**RECORD EXTRACTS**:

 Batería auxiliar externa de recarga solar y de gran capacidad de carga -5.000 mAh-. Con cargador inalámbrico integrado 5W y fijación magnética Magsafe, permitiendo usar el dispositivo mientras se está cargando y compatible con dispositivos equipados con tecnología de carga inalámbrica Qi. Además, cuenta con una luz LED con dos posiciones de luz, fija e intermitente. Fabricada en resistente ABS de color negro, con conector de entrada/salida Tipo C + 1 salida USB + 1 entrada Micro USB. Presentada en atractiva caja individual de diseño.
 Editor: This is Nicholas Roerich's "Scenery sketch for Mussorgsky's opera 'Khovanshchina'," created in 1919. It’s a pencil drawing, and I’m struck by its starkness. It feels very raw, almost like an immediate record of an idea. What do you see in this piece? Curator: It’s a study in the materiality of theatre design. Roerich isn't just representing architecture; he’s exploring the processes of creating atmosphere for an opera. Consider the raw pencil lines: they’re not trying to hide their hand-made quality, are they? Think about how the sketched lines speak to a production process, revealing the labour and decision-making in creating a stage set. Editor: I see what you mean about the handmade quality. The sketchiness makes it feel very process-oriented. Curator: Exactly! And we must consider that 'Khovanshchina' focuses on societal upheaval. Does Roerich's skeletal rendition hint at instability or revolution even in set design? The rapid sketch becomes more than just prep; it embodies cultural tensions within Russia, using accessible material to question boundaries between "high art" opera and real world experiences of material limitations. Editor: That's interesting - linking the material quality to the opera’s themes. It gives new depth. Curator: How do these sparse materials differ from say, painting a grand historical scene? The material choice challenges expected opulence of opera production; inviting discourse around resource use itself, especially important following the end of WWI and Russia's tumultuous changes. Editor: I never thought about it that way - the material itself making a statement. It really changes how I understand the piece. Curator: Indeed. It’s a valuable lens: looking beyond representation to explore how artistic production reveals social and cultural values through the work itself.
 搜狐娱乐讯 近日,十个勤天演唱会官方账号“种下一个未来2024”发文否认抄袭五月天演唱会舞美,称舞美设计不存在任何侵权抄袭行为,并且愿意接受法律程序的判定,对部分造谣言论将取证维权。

==

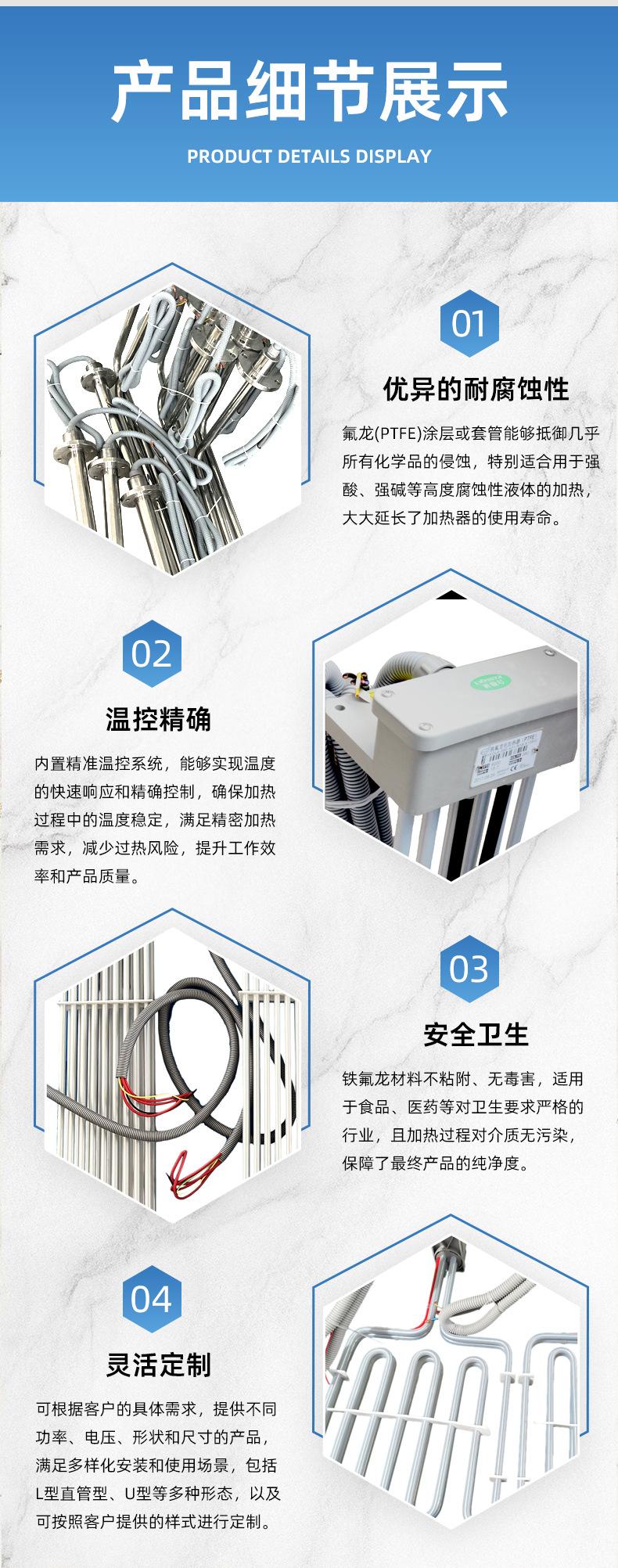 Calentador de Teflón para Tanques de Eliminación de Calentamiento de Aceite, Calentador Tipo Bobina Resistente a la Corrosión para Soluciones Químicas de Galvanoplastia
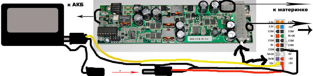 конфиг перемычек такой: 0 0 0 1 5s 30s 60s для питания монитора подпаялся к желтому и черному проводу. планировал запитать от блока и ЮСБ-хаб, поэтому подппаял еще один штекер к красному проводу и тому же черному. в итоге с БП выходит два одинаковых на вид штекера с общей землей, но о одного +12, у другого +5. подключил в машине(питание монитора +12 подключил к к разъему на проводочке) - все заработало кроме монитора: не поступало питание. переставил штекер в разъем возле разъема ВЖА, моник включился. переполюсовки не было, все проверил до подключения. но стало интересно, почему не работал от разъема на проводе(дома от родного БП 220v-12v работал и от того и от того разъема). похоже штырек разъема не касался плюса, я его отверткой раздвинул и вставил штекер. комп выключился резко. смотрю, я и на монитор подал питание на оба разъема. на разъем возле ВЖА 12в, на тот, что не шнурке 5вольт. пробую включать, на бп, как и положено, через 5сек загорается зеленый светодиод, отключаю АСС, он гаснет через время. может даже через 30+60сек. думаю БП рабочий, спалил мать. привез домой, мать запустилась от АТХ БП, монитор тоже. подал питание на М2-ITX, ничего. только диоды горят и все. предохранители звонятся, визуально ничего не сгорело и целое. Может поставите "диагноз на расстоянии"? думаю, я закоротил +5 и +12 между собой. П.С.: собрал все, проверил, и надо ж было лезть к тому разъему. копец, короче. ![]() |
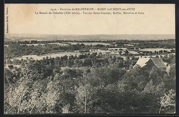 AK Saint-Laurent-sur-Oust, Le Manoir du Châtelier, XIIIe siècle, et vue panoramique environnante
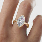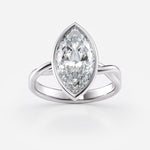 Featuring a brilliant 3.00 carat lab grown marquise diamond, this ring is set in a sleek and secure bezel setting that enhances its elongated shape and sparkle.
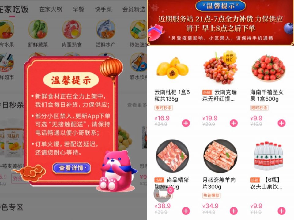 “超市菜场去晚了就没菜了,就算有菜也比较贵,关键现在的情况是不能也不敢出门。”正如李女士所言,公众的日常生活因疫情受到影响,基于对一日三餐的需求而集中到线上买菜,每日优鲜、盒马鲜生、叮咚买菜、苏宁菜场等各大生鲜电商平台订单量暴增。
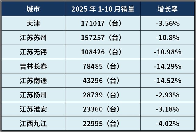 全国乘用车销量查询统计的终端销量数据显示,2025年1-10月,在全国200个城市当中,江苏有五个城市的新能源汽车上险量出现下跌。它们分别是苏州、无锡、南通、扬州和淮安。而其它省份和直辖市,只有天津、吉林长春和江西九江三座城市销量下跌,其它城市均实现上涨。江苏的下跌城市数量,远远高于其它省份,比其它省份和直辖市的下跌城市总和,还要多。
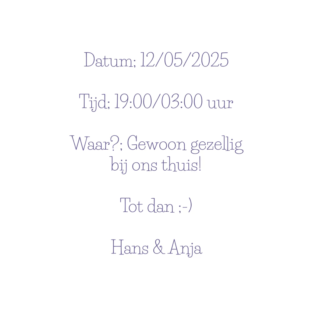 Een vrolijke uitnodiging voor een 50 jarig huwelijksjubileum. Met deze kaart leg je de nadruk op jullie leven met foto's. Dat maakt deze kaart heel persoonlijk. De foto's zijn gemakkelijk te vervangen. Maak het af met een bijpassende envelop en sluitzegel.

...

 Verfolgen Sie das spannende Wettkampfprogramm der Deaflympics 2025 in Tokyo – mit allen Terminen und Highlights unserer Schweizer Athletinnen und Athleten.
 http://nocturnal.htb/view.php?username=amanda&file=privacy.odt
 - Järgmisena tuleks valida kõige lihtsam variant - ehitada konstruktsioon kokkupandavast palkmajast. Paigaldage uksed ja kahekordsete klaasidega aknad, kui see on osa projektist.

**WORK TO BE COMPLETED**: Above is the material; set down exactly its lines from the one containing "全国乘用车销量查询统计的终端" down to the one containing "Een vrolijke uitnodiging", both included, leaving out any pictures.

**RESPONSE**:
 全国乘用车销量查询统计的终端销量数据显示,2025年1-10月,在全国200个城市当中,江苏有五个城市的新能源汽车上险量出现下跌。它们分别是苏州、无锡、南通、扬州和淮安。而其它省份和直辖市,只有天津、吉林长春和江西九江三座城市销量下跌,其它城市均实现上涨。江苏的下跌城市数量,远远高于其它省份,比其它省份和直辖市的下跌城市总和,还要多。
 Een vrolijke uitnodiging voor een 50 jarig huwelijksjubileum. Met deze kaart leg je de nadruk op jullie leven met foto's. Dat maakt deze kaart heel persoonlijk. De foto's zijn gemakkelijk te vervangen. Maak het af met een bijpassende envelop en sluitzegel.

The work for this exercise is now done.